I think this might be an instance of the infamous closure bug, see the performance tips for an explanation and this issue for the full history.

1 Like

I had previously written return_fnc like

using FastClosures
function return_fnc(F, P)
    Fnc! = @closure (q, x, y, p) -> begin
        F, P = p
        q[1] = 5F(x, y, P) + 2.0
        q[2] = -2F(y, -x, P) + 3.0
        return nothing
    end
    p = F, P
    return Fnc!, p
end

which changes nothing; maybe I’m using FastClosures incorrectly. I also wasn’t so sure that it would be related, anyway, if I’ve defined the separate vector p so that F and P aren’t actually used.

Actually, defining it like this and removing p all together:

using FastClosures
function return_fnc(F, P)
    Fnc! = @closure (q, x, y, p) -> begin
        q[1] = 5F(x, y, P) + 2.0
        q[2] = -2F(y, -x, P) + 3.0
        return nothing
    end
    p = F, P
    return Fnc!, p
end

leads to the two methods being the same. I guess that fixes it, but still don’t really understand why.
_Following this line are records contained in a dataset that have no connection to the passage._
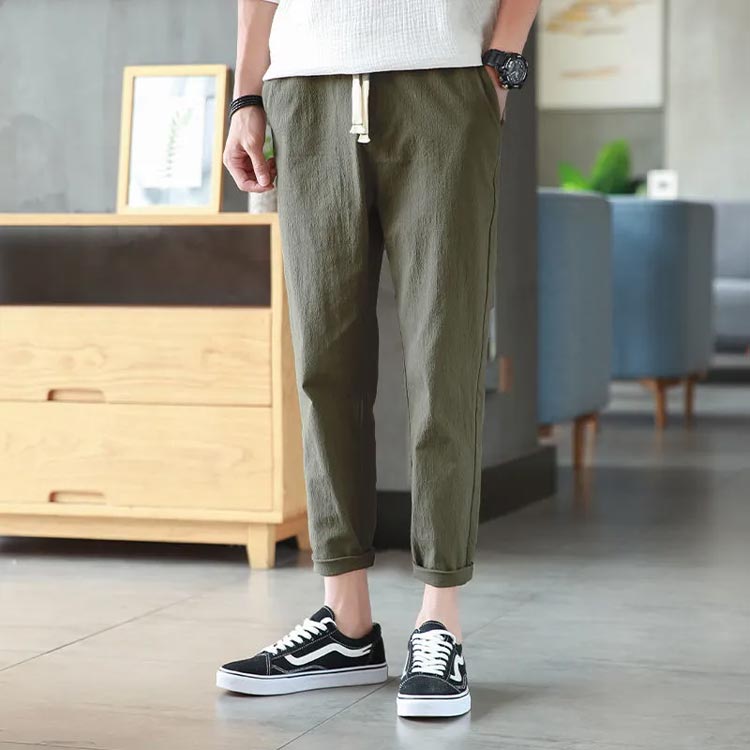 夏 メンズ リネンパンツ 涼しい 綿麻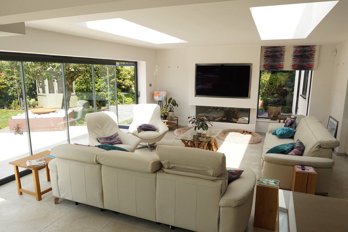 We added a large extension with 50sqm of floor area, a complete folding glass wall to the rear elevation of the extension, forming a new 4.2m wide opening on the rear of the existing property which resulted in an open plan area with a total floor space of 79sqm.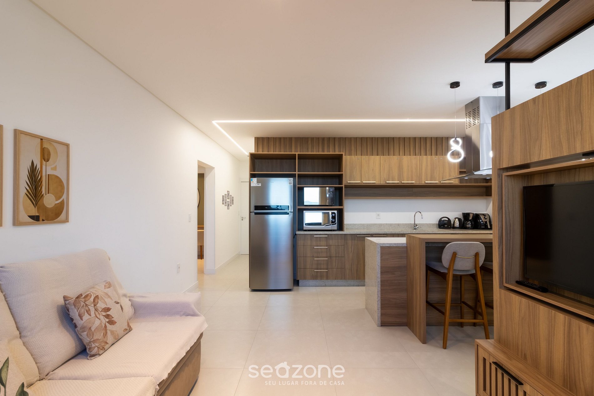 Apto con tres suites bien distribuidas, a solo 90 m de la playa de Perequê, combinando confort y una ubicación privilegiada. Las suites cuentan con camas dobles, climatización y cortinas black-out, una de ellas con escritorio para trabajo. Sala de estar acogedora, cocina completa y espacio gourmet con parrilla completan la propuesta, además de plaza de garaje cubierta.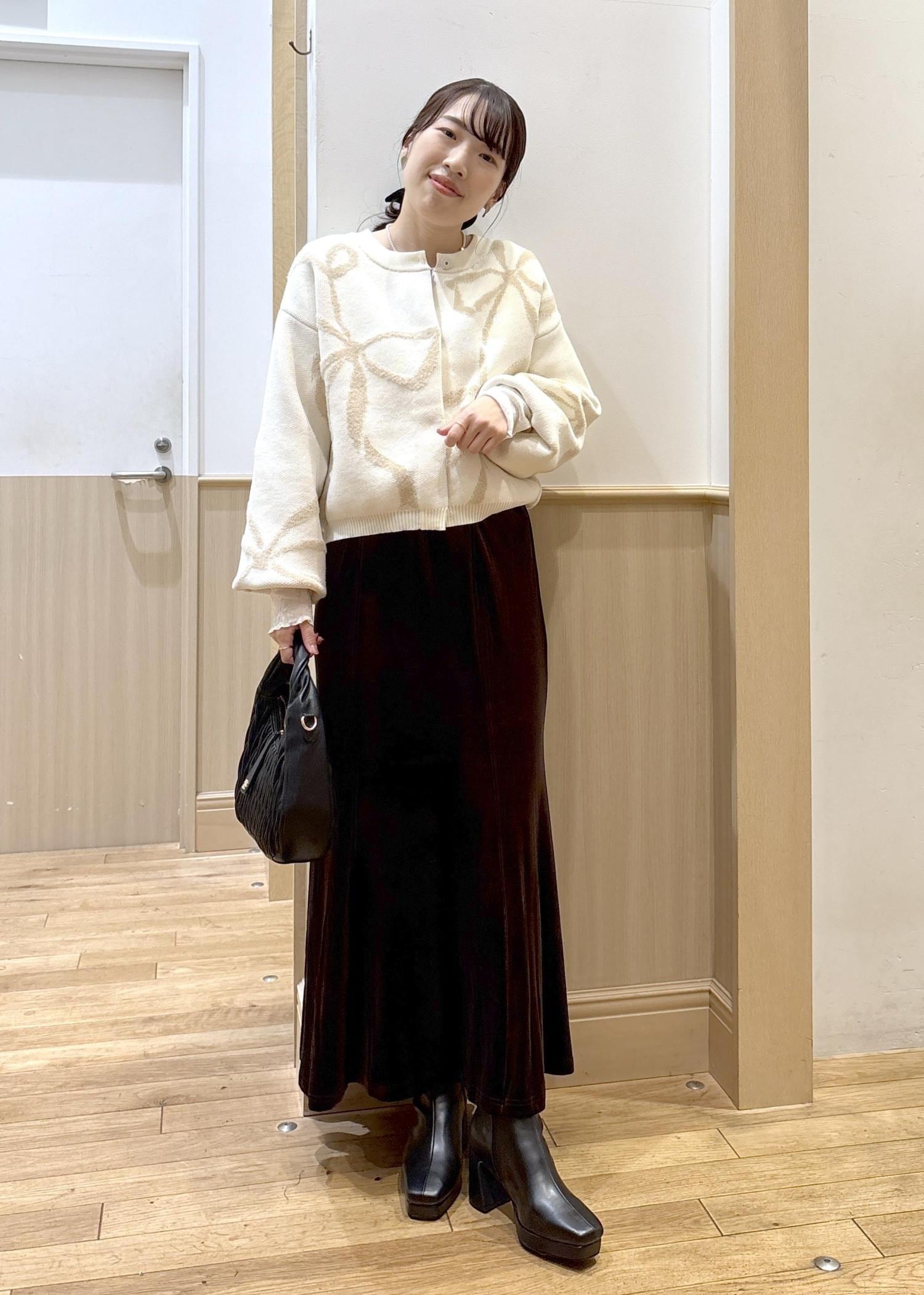 リボンモチーフのカーディガンを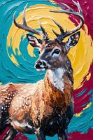Dit opvallende kunstwerk toont een majestueus hert met indrukwekkende hoorns, geschilderd in een expressieve stijl. Het schilderij combineert gedurfde penseelstreken met levendige kleuren zoals geel, turquoise en rood, waardoor het dier bijna uit het canvas lijkt te springen. De dynamische achtergrond, met wervelende abstracte vormen en felle tinten, voegt een gevoel van beweging en energie toe aan het werk. Deze moderne interpretatie van een hert past perfect in een eigentijds interieur, zoals een woonkamer of kantoorruimte, en kan een echte blikvanger zijn in elke ruimte. Het contrast tussen de realistische kenmerken van het hert en de abstracte omgeving creëert een fascinerende balans die de aandacht van elke kunstliefhebber trekt.

I never used FastClosures so I won’t comment on that, but the original code’s methods are actually not quite the same. In fnc!, F, P belonged entirely to the method’s scope, but in Fnc!, F, P actually belonged to return_fnc's scope, it’s just that nested local scopes share variables when assigned (this is usually a useful behavior but may not be what you intended). return_fnc knows the type of F, P going in, but it can’t possibly predict the type of F, P because it is reassigned in the body of Fnc! that hasn’t even been called yet. That’s why F, P is type-unstable across both Fnc! and return_fnc. Just this edit:

...
Fnc! = (q, x, y, p) -> begin
        local F, P # declared different from the outer F, P!!!
        F, P = p
...

makes the methods’ @code_warntype equivalent. Not sure if the performance would be exactly the same, the global fnc! is implicitly const while the global Fnc! isn’t.

1 Like

Thank you, @Benny. I didn’t think about that difference - good to know. It makes the performance the same as far as I can tell.

This error does crop up from time to time; people like to share variables across nested local scopes…until they don’t. I wonder if there’s a static code analyzer that can indicate a variable’s home scope, maybe even an interactive one where you hover over a variable and it highlights where else it is or links you to its origin. @code_warntype is good but it could look more like the source.

1 Like